What Happened To My Beautiful En-dashes?!

First, a small introduction to the problem: We’re running stuff in UTF-8 all the way. A few sites we’re reading feeds from are using ISO-8859-1 as their charset, but they either supply the feed with the correct encoding specific or the feeds arrive as UTF-8. Everything works nicely, except for the mentioned-in-the-headline en-dashes. Firefox only shows 00 96 (0x00 0x96), but everything looks correct when you view the headlines and similiar stuff on the original site.

Strange.

The digging, oh all the digging.

After the already mentioned digging (yes, the digging) in data at the large search engines (ok, maybe I did a search or two), I discovered that the windows cp1252 encoding uses 0x96 to store endashes. This seems similiar! We’re seeing 0x96 as one of the byte values above, so apparently cp1252 is sneaking into the mix somewhere along the lines. Most of the clients using the CMS-es are windows, so they might apparently be to blame.

ISO-8859-1 enters the scene

As the sites (and feeds) provide ISO-8859-1 as their encoding, I thought it would be interesting to see what ISO-8859-1 defines as the representation for the byte value 0x96. Lo’ and behold: 0x96 is not defined in ISO-8859-1. Which actually provides us with the solution.

I welcome thee, Mr.
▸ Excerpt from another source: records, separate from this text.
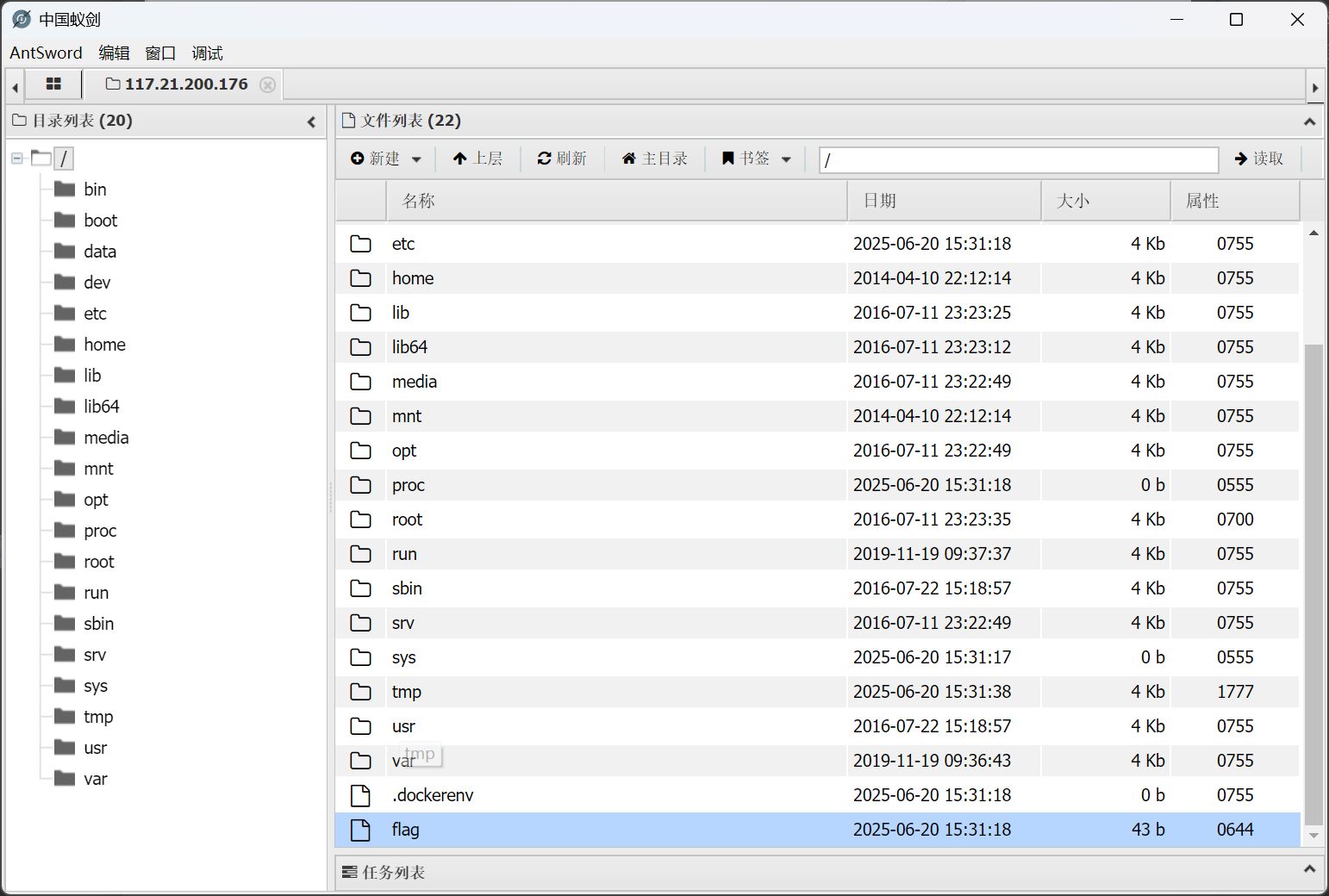 连接成功后在根目录下找到flag文件,若没找到flag或找到后打不开,可能是曾经使用过蚁剑,这里刷新一下就正常找到或打开文件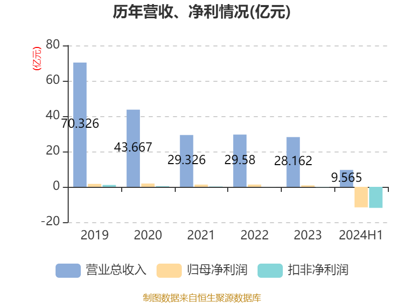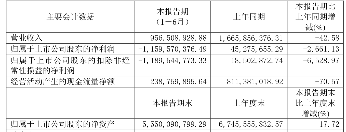 中证智能财讯 ST锦港(600190)11月1日披露2024年半年度报告。2024年上半年,公司实现营业收入9.57亿元,同比下降42.58%;归母净利润亏损11.6亿元,上年同期盈利4527.57万元;扣非净利润亏损11.9亿元,上年同期盈利1850.29万元;经营活动产生的现金流量净额为2.39亿元,同比下降70.57%;报告期内,ST锦港基本每股收益为-0.5791元,加权平均净资产收益率为-18.81%。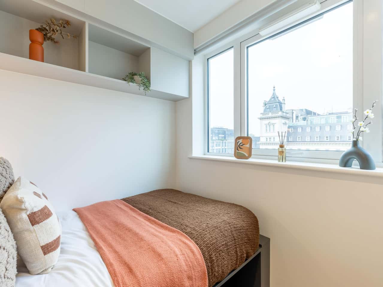 Discover our Gold Studios, located on Floors 5 and 6, complete with in-room air conditioning for your comfort and convenience. Each studio features a comfortable ¾ bed, study desk and chair, cupboard, a private bathroom and a modern kitchen, ready for your move-in. These luxurious studios ranging from 12.38 to 17.4 sqm come with modern and sleek specifications to elevate your living experience. You can also explore the building's amenities, including study rooms, a private dining room, and more. Book your studio today for a premium student living experience!

Solution

When the ISO-8859-1 encoded string is converted into UTF-8, the bytes with the value 0x96 (which is the endash in cp1252) is simply inserted as a valid code sequence in UTF-8 which represents a character that’s not defined.

We’re saying that the string is ISO-8859-1, although in reality it is either cp1252 or a mangled version of iso-8859-1 and cp1252 (for the endashes, at least).
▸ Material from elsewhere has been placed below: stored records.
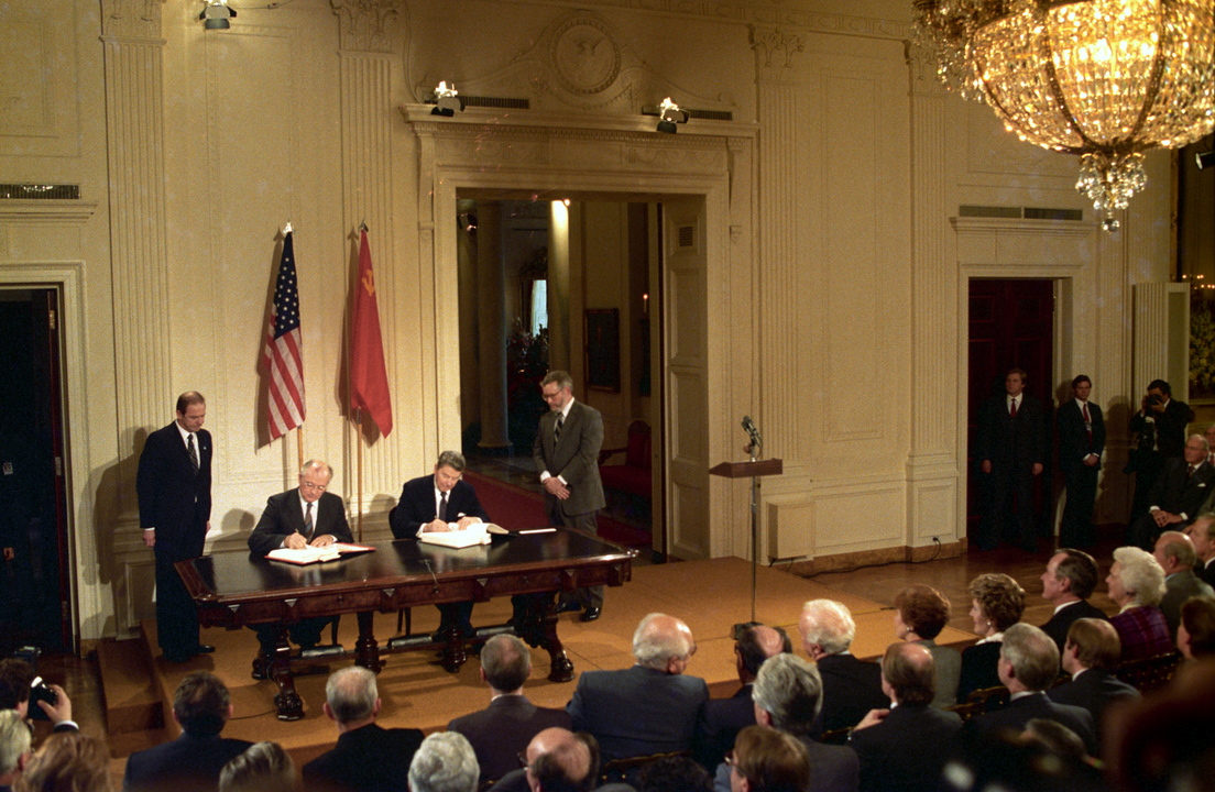 En 1987, el secretario general Mijaíl Gorbachov y el presidente Ronald Reagan firmaron el Tratado sobre la eliminación de misiles de alcance medio y corto (INF), que puso fin a la crisis de los euromisiles, vinculada al despliegue de misiles balísticos de alcance medio por parte de la OTAN y del Pacto de Varsovia en Europa.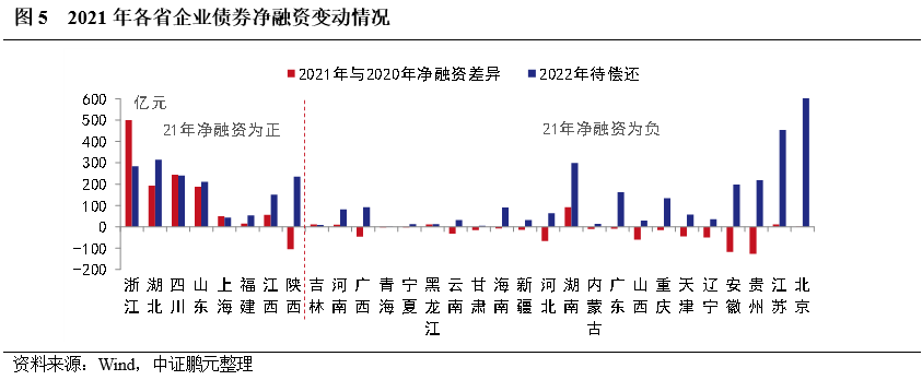 從地區(qū)分布看,2021年企業(yè)債凈融資依然呈現(xiàn)兩極分化,其中,8個(gè)省份凈融資為正,另有8個(gè)省份本年度尚未發(fā)行企業(yè)債。具體來看,浙江實(shí)現(xiàn)凈融資398.01億元,遠(yuǎn)高于其他省份,其次是湖北和四川分別實(shí)現(xiàn)凈融資281.57億元和273.51億元,位居第二、第三。此外,上海因償還規(guī)模較小,實(shí)現(xiàn)凈融資規(guī)模99.87億元,位居第四。而江蘇因償還規(guī)模較大,凈融資規(guī)模為-184.87億元。青海、甘肅、黑龍江、海南、內(nèi)蒙古、山西、遼寧和西藏本年未發(fā)行企業(yè)債,其中遼寧省累計(jì)償還109.51億元,償還規(guī)模較大。與2020年相比,12個(gè)省份凈融資規(guī)模出現(xiàn)增長(zhǎng),18個(gè)省份出現(xiàn)下降,其中,浙江和四川凈融資規(guī)模明顯增長(zhǎng),貴州、安徽和陜西的凈融資較上年出現(xiàn)明顯下降。北京、江蘇、湖南、湖北等省份,2022年待償還企業(yè)債規(guī)模較大,需關(guān)注償還壓力較大,且2021年凈融資出現(xiàn)下滑的地區(qū)。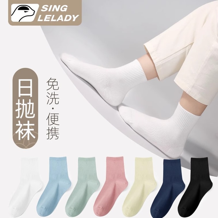 【中国直邮】尚官 一次性袜子莫兰迪色女士中筒 5双 高弹透气 柔软舒适 冬季免洗

If you’re on the parsing end of this mumbo jumbo, one solution is to replace the generated UTF-8 sequence (0xc2 0x96) (converted from 0x96 i ISO-8859-1) with the proper one (0xe2 0x80 0x93):

$data = str_replace("\xc2\x96", "\xE2\x80\x93", $data);

And voilá, everything works.

Informa and getCategories Truncates Title at “/”

I stumbled across a weird issue in Informa and the ItemIF.getCategories method today. The categories we retrieve are separated with / to indicate their full hierarchy, but Informa only gave me the first part of the category (just “Properties” of “Properties / Houses”). The solution to this is to explicitly access the category element of the object itself:

String categoryDomain = item.getAttributeValue("category", "domain");
String categoryTitle = item.getElementValue("category");

This should be extended to support several category-elements, but as we only get one in our feeds, this solved the problem for us.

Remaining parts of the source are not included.